Нетрудно видеть и сходства, и различия между формулировками Зиммеля и Бахтина. Думается, что Зиммель не располагал адекватным философским языком для выражения своих базовых интуиций. Указанное различение он может зафиксировать лишь диалектически (отсюда и понятие «дуализм»). Не случайно в последней своей работе Зиммель сбился на исторически более привычную терминологию и заговорил о «метафизике жизни» («Созерцание жизни. Четыре метафизические главы»). В этом смысле спасительна именно эссеистичность Зиммеля: в ней меньше логической систематики и больше интуиции, сквозь которую проступает сетка координат его мысли. Разница зиммелевской и бахтинской формулировок кризиса современной культуры состоит в том, что между ними появился и утвердился феноменологический метод. Бахтин прошел школу Гуссерля. У него упомянутое различение проведено феноменологически, а не по логическому содержанию. Ключевую роль здесь играет «план» (план и планы видения): «Акт нашей деятельности, нашего переживания, как двуликий Янус, глядит в разные стороны… но нет единого и единственного плана…»5
. Феноменологически уточняются и понятия, исключая спекулятивные импликации.

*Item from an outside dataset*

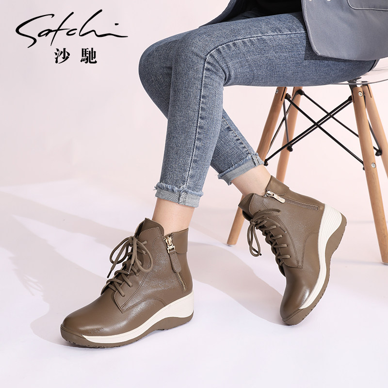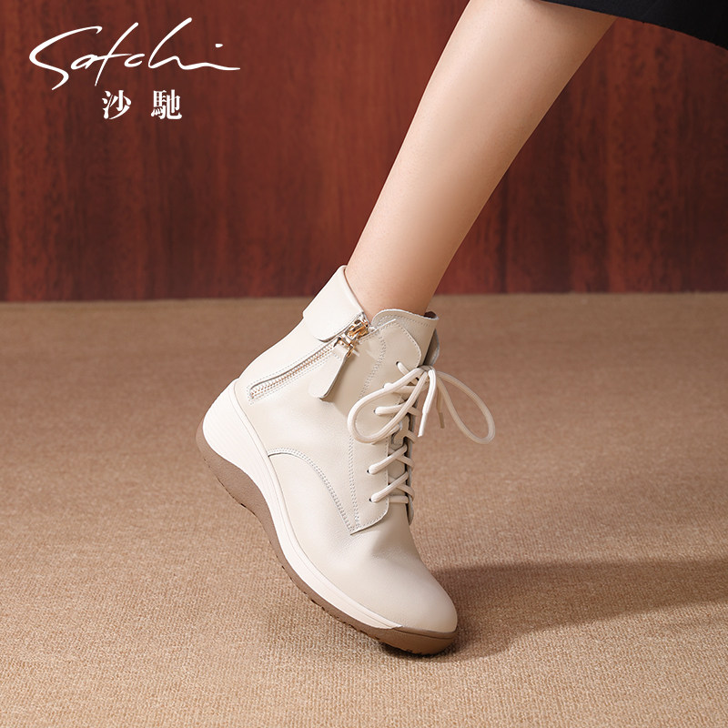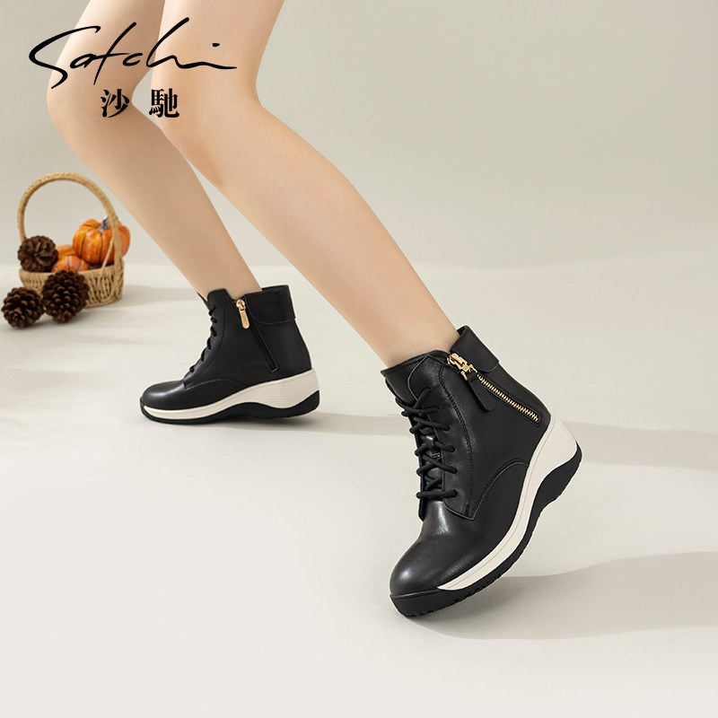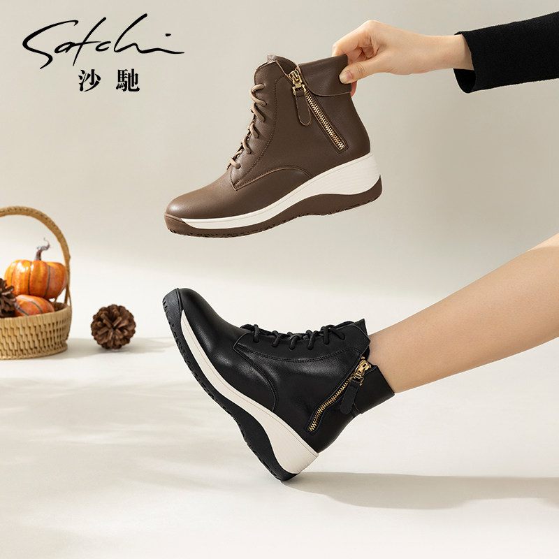 沙驰女鞋牛皮坡跟休闲短靴2025冬季新款时尚内增高短筒马丁靴女靴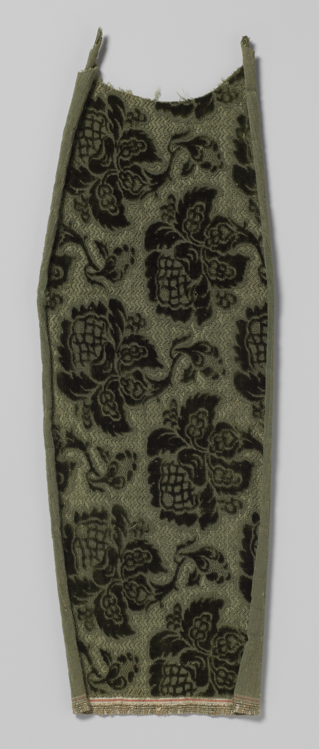 Fragment donkergroen geciseleerd fluweel met patroon...

Если к зиммелевской «жизни» примысливается момент активности как рецидив субстанционального мышления, то бахтинское «событие бытия» лишь пустое место, точнее, время и место — хронотоп, — где развертывается поступание, активность же переносится вовнутрь поступка.Именно спекулятивные привычки философского языка и мышления приводят к тому, что Зиммель заговаривает о «трагедии» культуры, иными словами, эстетизирует познавательную проблему, придает теоретически понятому противоречию момент эстетического само-довления там, где следует искать ответ и методически четко наметить пути решения познавательной задачи. Для Бахтина, произведшего феноменологическую очистку мышления от эстетических элементов спекулятивной метафизики, дурная неслиянность мира жизни и мира культуры — проблема, но никак не трагедия, проблема, ключ к решению которой следует искать в личности, месте, где структурно сходятся все противоречия (см. заметку «Искусство и ответственность»).
Первостепенная важность такого подхода, особенно для дальнейшей эстетической и литературоведческой переориентации М.Бахтина, еще и в том, что он определяет содержательное понимание формы. На наш взгляд, неверно рассматривать Бахтина как последователя неокантианского направления. Ибо для неокантианцев (как для баденской, так и для марбургской школы), которые воспроизводят в модифицированной форме кантовский безысходный дуализм, форма изначальна и пуста (кантовские понятия чистого рассудка, риккертовские ценности), она абсолютно противостоит действительности, она — над действительностью, но никак не в ней. И не может быть и речи о ней как о ставшем, отложившемся в форму содержании жизни. Для Бахтина же форма — эстетическая, художественная форма, в частности, — всегда производится в акте деятельности, и понять форму — значит, понять «идеальную, смысловую историю» этого акта, его «идеальную, смысловую закономерность»6
. Отсюда и понятие автора как носителя формы, идеального, с одной стороны, и носителя акта, в котором идеальное приобщается к жизненному единству, — с другой. Содержательность понимания формы, ее жизненные корни, в частности, и применительно к искусству в высшей степени свойственна и Зиммелю.